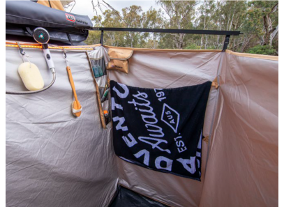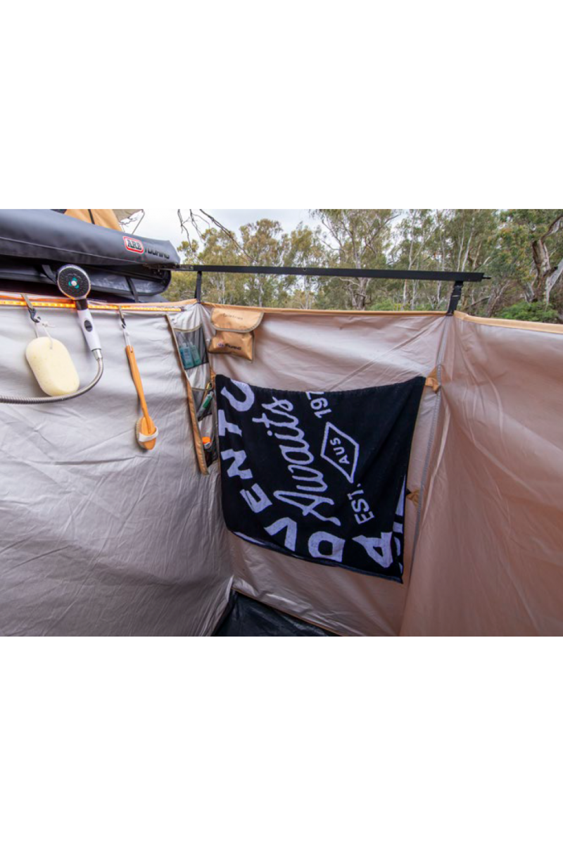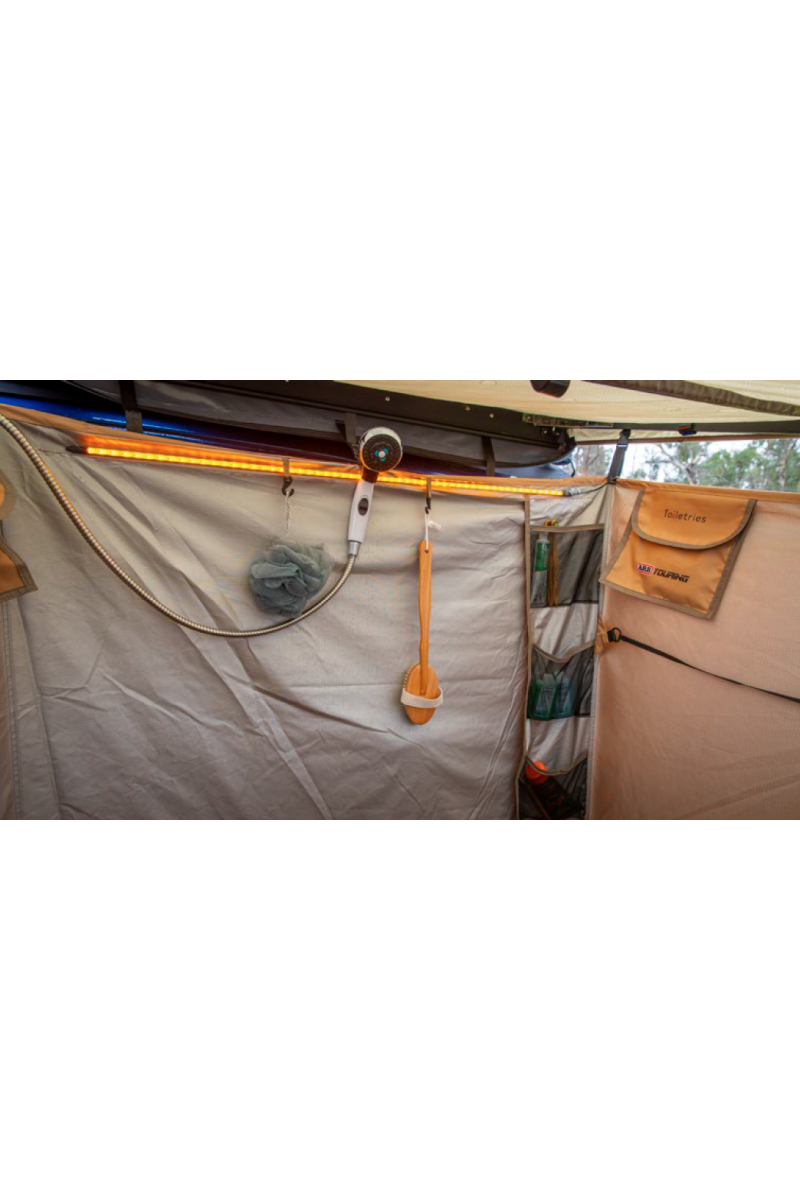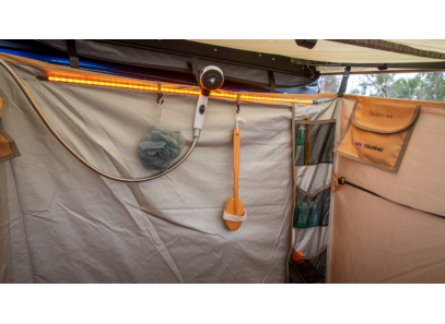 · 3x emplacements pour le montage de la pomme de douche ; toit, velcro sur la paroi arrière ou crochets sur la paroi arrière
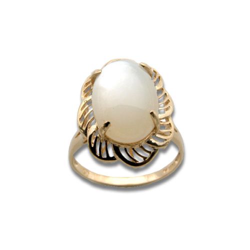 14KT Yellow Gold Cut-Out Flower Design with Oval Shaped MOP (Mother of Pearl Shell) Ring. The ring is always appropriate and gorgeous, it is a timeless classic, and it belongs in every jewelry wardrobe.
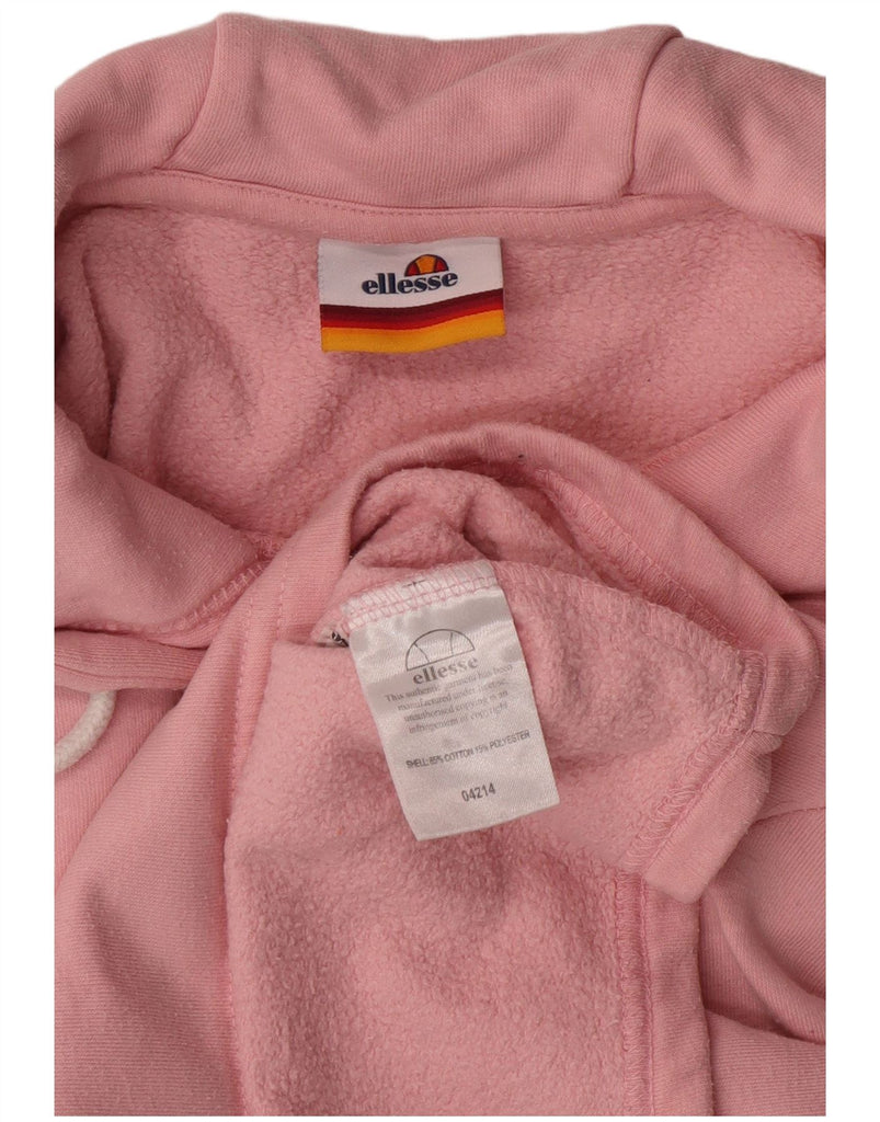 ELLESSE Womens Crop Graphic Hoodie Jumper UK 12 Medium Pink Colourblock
* * *
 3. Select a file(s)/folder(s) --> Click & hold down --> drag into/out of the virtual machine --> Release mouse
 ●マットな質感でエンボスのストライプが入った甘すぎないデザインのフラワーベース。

* WHAT YOU HAVE TO DO:
Above are the records; restate exactly the lines from the one containing "crochets sur la paroi arrière" through the one containing "ELLESSE Womens Crop", keeping pictures out.

* TASK RESULT:
 · 3x emplacements pour le montage de la pomme de douche ; toit, velcro sur la paroi arrière ou crochets sur la paroi arrière
 14KT Yellow Gold Cut-Out Flower Design with Oval Shaped MOP (Mother of Pearl Shell) Ring. The ring is always appropriate and gorgeous, it is a timeless classic, and it belongs in every jewelry wardrobe.
 ELLESSE Womens Crop Graphic Hoodie Jumper UK 12 Medium Pink Colourblock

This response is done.